[RECORDS FOR THE TASK — start]
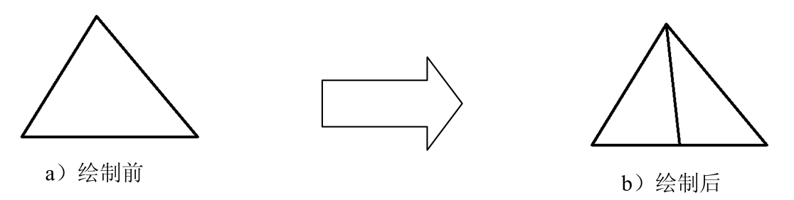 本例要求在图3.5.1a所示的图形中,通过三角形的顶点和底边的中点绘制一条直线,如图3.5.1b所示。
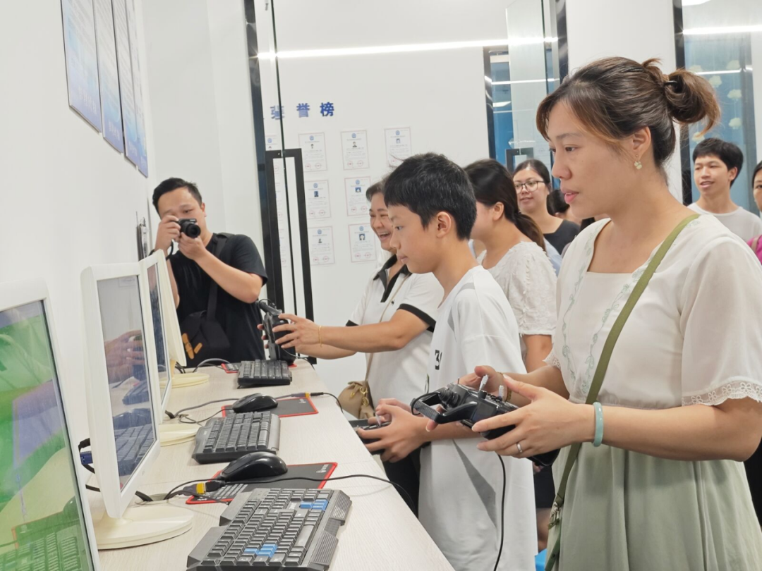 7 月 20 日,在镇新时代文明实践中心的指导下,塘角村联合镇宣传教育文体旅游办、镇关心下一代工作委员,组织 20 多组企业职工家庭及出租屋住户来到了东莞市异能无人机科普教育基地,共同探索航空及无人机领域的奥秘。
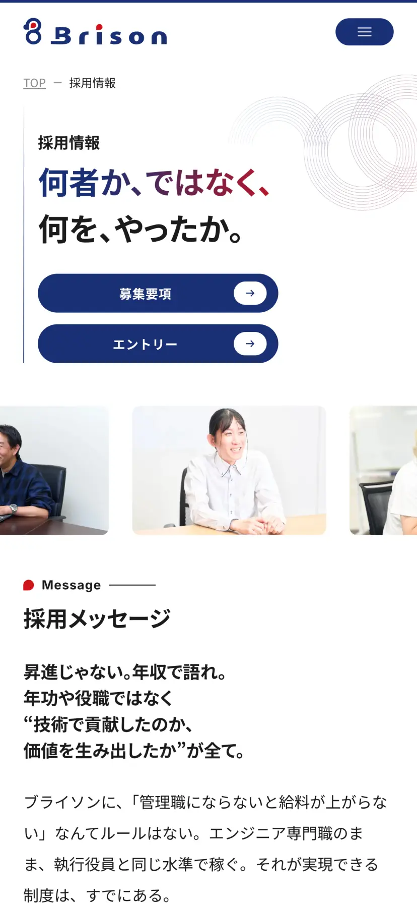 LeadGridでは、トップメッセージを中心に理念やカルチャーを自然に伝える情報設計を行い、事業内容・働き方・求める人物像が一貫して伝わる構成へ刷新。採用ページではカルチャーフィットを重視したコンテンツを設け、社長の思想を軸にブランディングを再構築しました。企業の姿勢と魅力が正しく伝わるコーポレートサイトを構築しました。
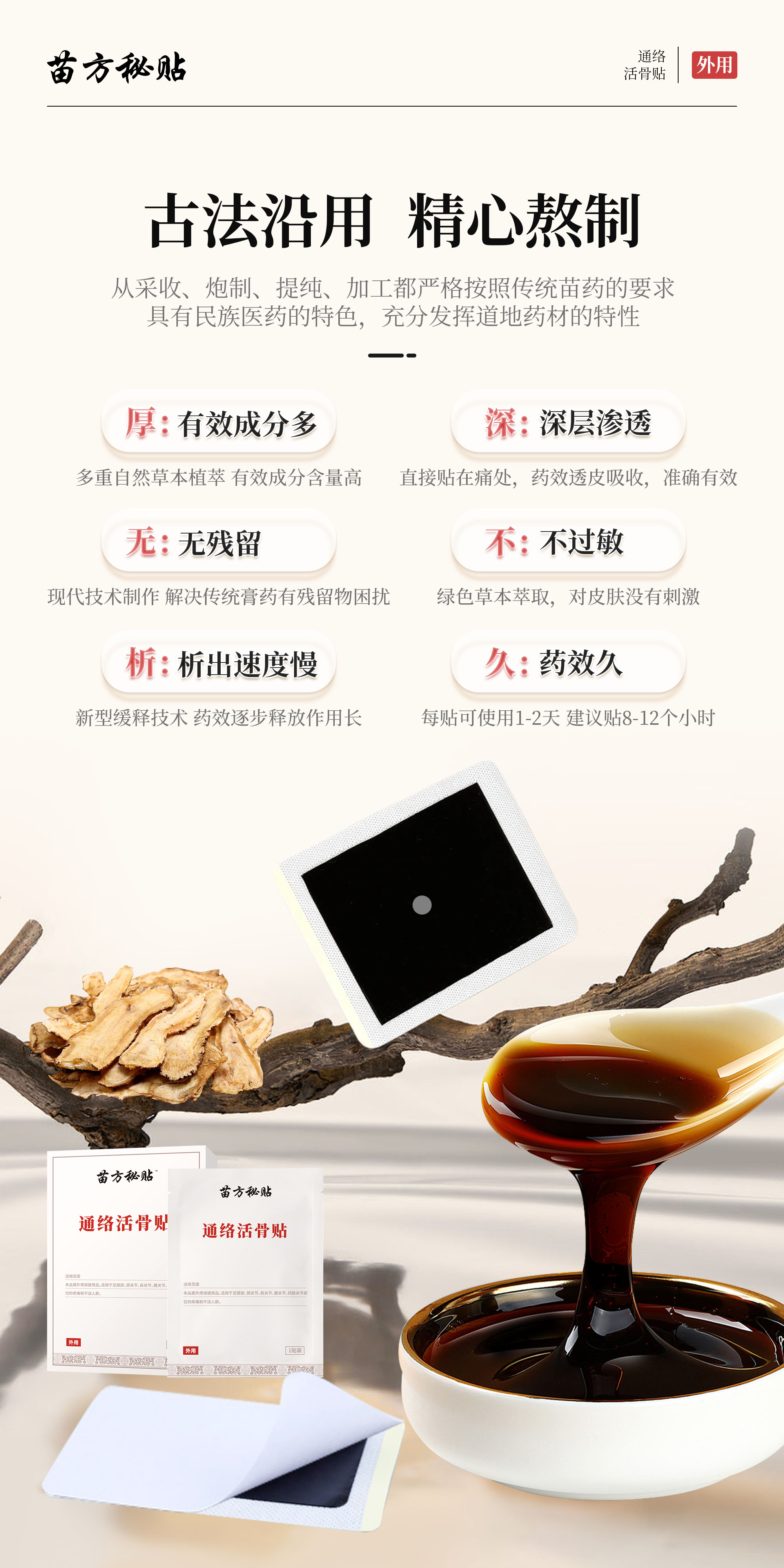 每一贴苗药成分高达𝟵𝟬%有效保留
[RECORDS FOR THE TASK — finish]
[RECORDS FOR THE TASK — start]
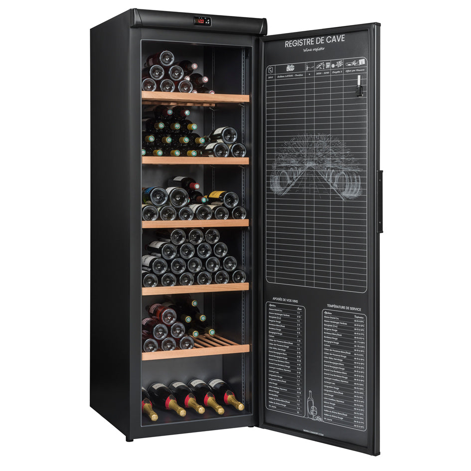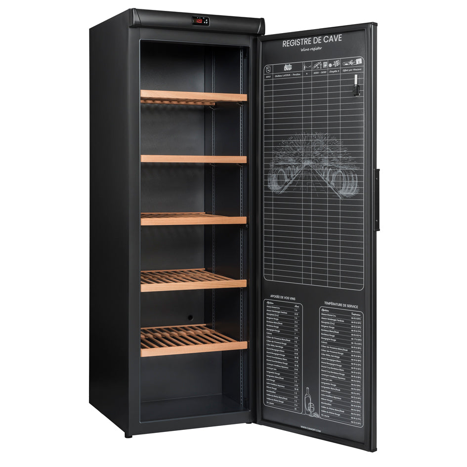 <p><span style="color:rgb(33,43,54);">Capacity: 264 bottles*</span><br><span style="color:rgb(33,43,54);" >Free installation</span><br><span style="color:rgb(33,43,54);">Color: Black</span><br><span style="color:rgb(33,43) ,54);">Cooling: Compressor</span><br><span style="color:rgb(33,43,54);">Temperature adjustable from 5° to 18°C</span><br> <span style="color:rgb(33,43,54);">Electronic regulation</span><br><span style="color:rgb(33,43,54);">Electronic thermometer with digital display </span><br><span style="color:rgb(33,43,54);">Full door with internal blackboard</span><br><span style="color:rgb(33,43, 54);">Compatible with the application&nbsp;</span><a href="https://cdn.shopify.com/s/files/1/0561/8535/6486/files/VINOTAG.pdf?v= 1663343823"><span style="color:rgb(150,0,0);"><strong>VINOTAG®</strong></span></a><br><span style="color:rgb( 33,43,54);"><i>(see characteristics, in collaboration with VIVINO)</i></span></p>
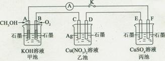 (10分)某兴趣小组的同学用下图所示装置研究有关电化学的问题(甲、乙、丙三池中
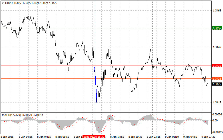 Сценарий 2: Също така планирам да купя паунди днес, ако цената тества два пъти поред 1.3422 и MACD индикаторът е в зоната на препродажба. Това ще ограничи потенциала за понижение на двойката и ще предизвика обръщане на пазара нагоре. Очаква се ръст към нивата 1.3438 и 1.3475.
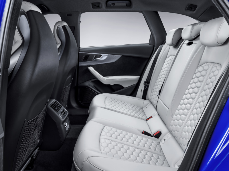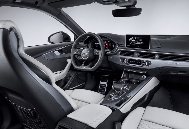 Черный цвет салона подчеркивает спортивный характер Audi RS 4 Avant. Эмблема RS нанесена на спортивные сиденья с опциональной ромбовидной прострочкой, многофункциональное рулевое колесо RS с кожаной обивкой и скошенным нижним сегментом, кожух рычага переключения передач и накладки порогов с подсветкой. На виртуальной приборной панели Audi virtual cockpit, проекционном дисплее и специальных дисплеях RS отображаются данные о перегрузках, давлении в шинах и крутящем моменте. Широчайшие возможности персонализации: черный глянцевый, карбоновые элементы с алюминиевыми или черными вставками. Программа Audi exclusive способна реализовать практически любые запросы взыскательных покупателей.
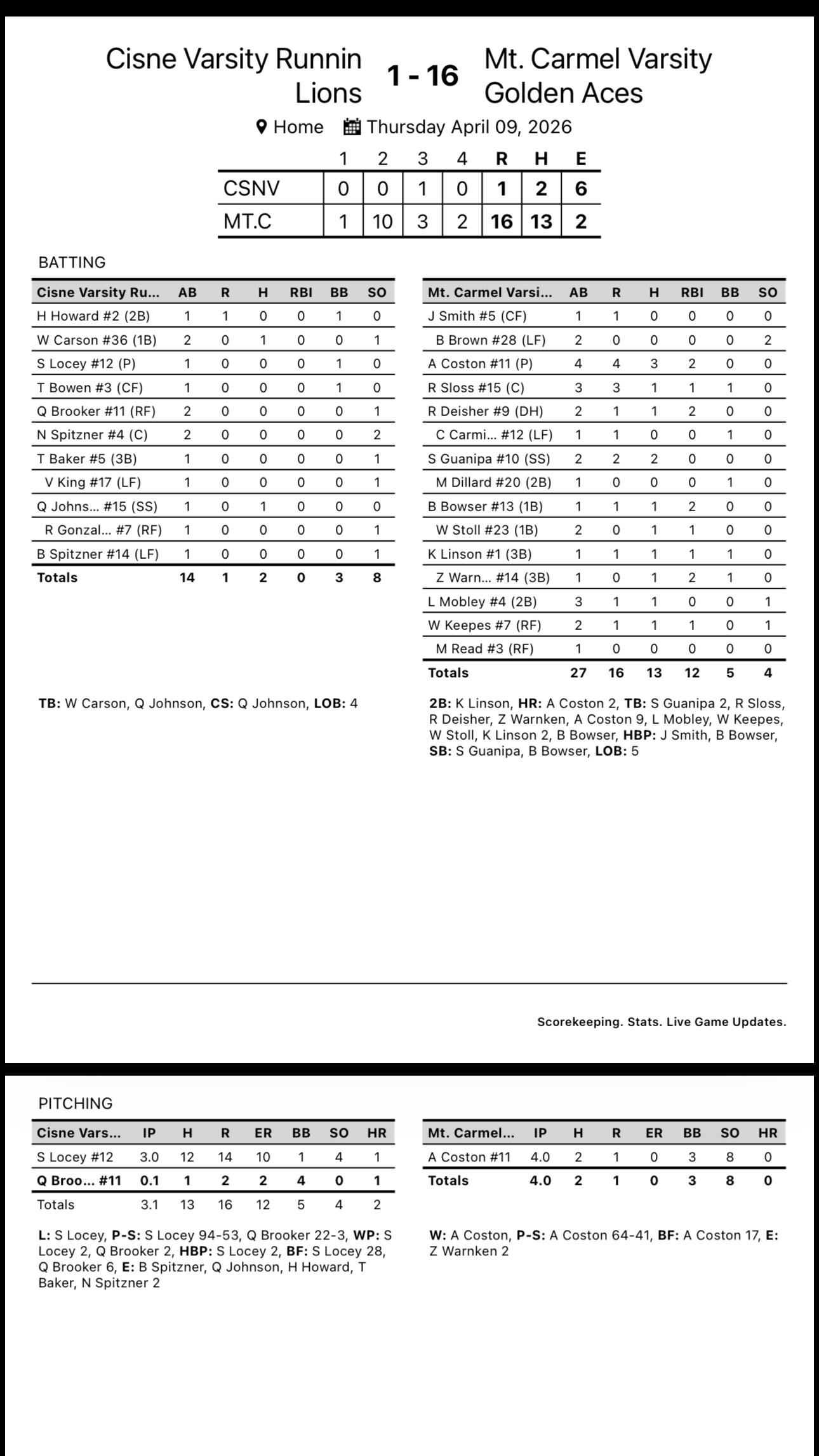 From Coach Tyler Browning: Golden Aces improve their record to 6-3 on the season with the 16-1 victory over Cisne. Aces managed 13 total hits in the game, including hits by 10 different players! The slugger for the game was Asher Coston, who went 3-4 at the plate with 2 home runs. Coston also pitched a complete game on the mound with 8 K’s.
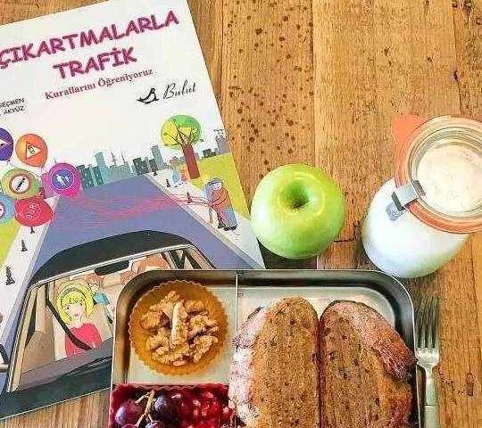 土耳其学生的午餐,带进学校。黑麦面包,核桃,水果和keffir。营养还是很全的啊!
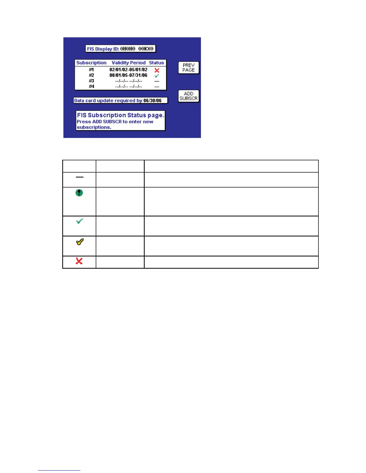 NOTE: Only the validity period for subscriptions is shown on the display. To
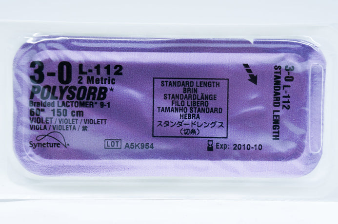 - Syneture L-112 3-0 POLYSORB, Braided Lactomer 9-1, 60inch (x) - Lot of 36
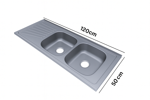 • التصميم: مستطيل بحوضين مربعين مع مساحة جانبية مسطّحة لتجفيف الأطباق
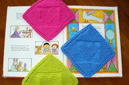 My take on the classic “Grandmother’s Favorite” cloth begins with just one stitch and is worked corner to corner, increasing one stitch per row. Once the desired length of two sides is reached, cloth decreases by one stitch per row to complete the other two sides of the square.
[RECORDS FOR THE TASK — finish]
:: EXERCISE DIRECTIONS ::
Look above for the line containing "本例要求在图3.5.1a所示" and the line containing "每一贴苗药成分高达𝟵𝟬%有效保留", then reproduce both and everything between them exactly, pictures omitted.

:: EXERCISE OUTPUT ::
 本例要求在图3.5.1a所示的图形中,通过三角形的顶点和底边的中点绘制一条直线,如图3.5.1b所示。
 7 月 20 日,在镇新时代文明实践中心的指导下,塘角村联合镇宣传教育文体旅游办、镇关心下一代工作委员,组织 20 多组企业职工家庭及出租屋住户来到了东莞市异能无人机科普教育基地,共同探索航空及无人机领域的奥秘。
 LeadGridでは、トップメッセージを中心に理念やカルチャーを自然に伝える情報設計を行い、事業内容・働き方・求める人物像が一貫して伝わる構成へ刷新。採用ページではカルチャーフィットを重視したコンテンツを設け、社長の思想を軸にブランディングを再構築しました。企業の姿勢と魅力が正しく伝わるコーポレートサイトを構築しました。
 每一贴苗药成分高达𝟵𝟬%有效保留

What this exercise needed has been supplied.